The trouble is, doctors tend on the whole to be members of Group A. Do you know about Group A? The world, do you see, is divided into two classes of people. Actually, it's not. It's divided into four classes of people. The first division, the big one, is between people who divide the world into two classes of people and people who don't. And the second division is between Group A people, who want everyone to be like them, and Group B, which is the rest of us. Doctors tend to be Group A, as do religious leaders, accountants, Inland Revenue officials, businessmen, alcoholics in denial, bank managers, Tory politicians, Daily Mail readers, the less confident sort of heterosexual, and DIY enthusiasts.

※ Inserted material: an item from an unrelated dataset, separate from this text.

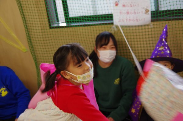 当日は、17人の子どもたちと16人の大学生リーダーたちが集まり、にぎやかに楽しい時間を過ごすことができました。前半はハロウィンパーティーに向けて、それぞれ思い思いのピニャータを作りました。こだわりのあるピニャータがそれぞれ完成していました。その後、仮装をしてグループごとにパフォーマンス会、クモの巣くぐりレース、リーダーたちが準備していたピニャータ割りをして元気いっぱい過ごしました。

What's odd is that it's Group A who have managed to get the reputation of being grown-ups, when they are obviously so insanely childish that the only way they can get by is by hedging themselves around with regulations, rules and rigid codes of behaviour like the more Johnny-come-lately sort of boarding school, and then find their lives so intolerably restricted that they thereafter live almost entirely vicariously through the television and the margins of the "heritage" industry. Group A people are the ones who wonder how it would be if everyone did it, who believe it's all right for some, who suppose we think we're clever ... yet they're the same people who lap up all the insubstantial manufactured hokum about "Herriot Country", who visit things with " ... Experience" tacked on the end ("The BBC Experience", "The White Cliffs Experience"), who know all about the private lives of television actors, and who felt themselves unaccountably diminished when Diana died.

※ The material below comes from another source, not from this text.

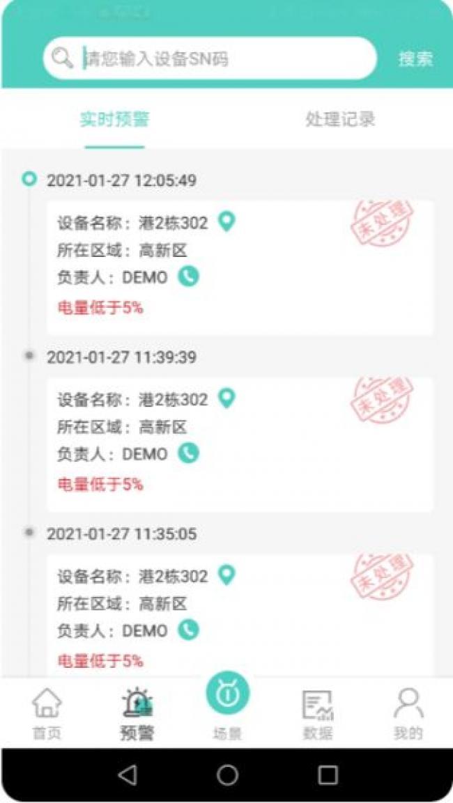 2、搜索查找预警信息,选择并点击预警中心的搜索功能即可输入设备码搜索。

It's Group A people who are opposed to the legalisation of cannabis; Group A people who possess the intellectual dexterity - or dishonesty - to hold the two simultaneous beliefs that the "war on drugs" is one which (a) cannot be won and (b) must therefore be fought to the bitter end. A splendid example is that of Alan Yentob and John Birt. Alan Yentob, a Group B person who makes television programmes, initially seemed to support this newspaper's Free Dope campaign, but then appeared to have been nobbled by John Birt, a Group A person who writes memos.

Which of course illustrates the horrid irony of it all: that it's the Group As - the inflexible, minatory, rigid, rule-following, blue-nosed little schoolboys - who run the show, not just because they're the only ones who can muster a workable consensus, but because they're the only ones who can be bothered to run it, or care who runs it, or think that we need people to run it. And all we Group Bs have to suffer in silence, wholesome, clean and serene.

Well, pooh. Damn them. What I say is, let's have a National Weed Month, when all right-thinking Group Bs get whacked out of their gourds and stumble around, beaming and talking bollocks. The results will be startling. The Group A administrative classes will have bugger all to administer, the country will grind to a halt, and then we'll see where the balance of power lies.